The ANR McBIM project will seek to implement advanced knowledge analysis based on semantic rules, thus enabling reactive and proactive explainable decision-making. Reactive decision-making algorithms will produce notifications and alarms to the platform's end-users considering specified thresholds for parameters of interest. Proactive decision-making (predictive modeling) will help better interpret real-time construction progress/structural health monitoring results and provide recommendations on preventing accidents, shortcomings, and deviations or how to foresee discrepancies at the considered construction stages. Both reactive and proactive decision-making algorithms will be integrated into the digital platform to enhance end-users' visibility on the construction site's progress.

Conclusion

With this paper, we presented the main research issues existing in the digital building twin field as imposed by the growing need to digitize construction processes. Approaches for sensing a building start becoming state-of-the-art. Still, regarding real-time surveillance and decision-making in construction processes encompassing building lifecycle phases other than facility management, several standards exist at the ISO level. In contrast, no standard implementation has been defined. This article further presented the contributions envisaged in the ANR McBIM project's context and how they can push forward existing state-of-the-art approaches. The concept of "communicating concrete" and its applications in optimizing the sensor network lifetime have tangible benefits for building structural health monitoring and building demolition and concrete recycling. The contributions regarding reactive and proactive decision-making are also trail-blazing and enable the level of confidence users to need for "a reliable basis for decision-making" (as defined by ISO 19650-1:2018 [3]).
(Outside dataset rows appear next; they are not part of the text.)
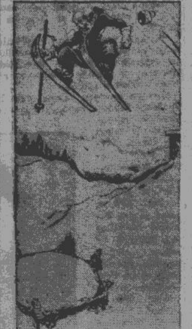
Tā viņš mācas lēkt ar slēpēm...

Jaunā latviešu sporta biedrības Daugavieši sportisti Ziemas svētku izlīti dibinājis 26. decembrī pulkst. 18 biedrības mītnē Carl Schirren ielā 28.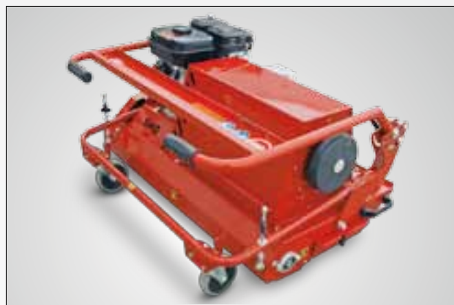
Składane ramię sterownicze zapewniające łatwy transport i oszczędne powierzchniowo przechowywanie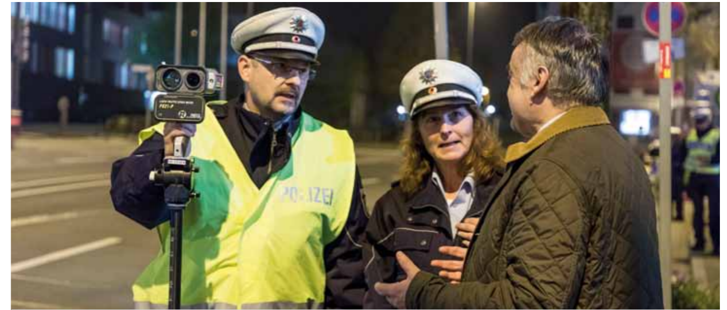
Die Geschwindigkeitsüberwachung gehört zum Maßnahmenpaket dieser Nacht.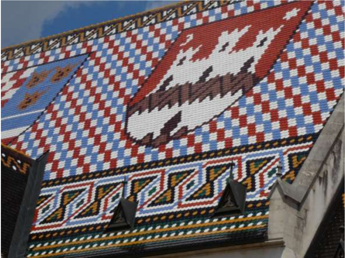
Auf dem Markt in Zagreb

Further actions to be considered in this project address the development and the alignment of the McBIM ontology with all the ontologies listed in this article's section “Semantic Web Technologies for BIM and IoT”. Once the McBIM ontology and its related modules are specified, they will have to be further implemented in the overall system environment developed by the French SME 360SmartConnect.Footnote 3 Expert semantic rules will have to be established on top of this ontology to implement the processes, and compliance-checking approach envisioned. The overall strategy will be tested in a real environment, and results presented to pertaining standardization organizations.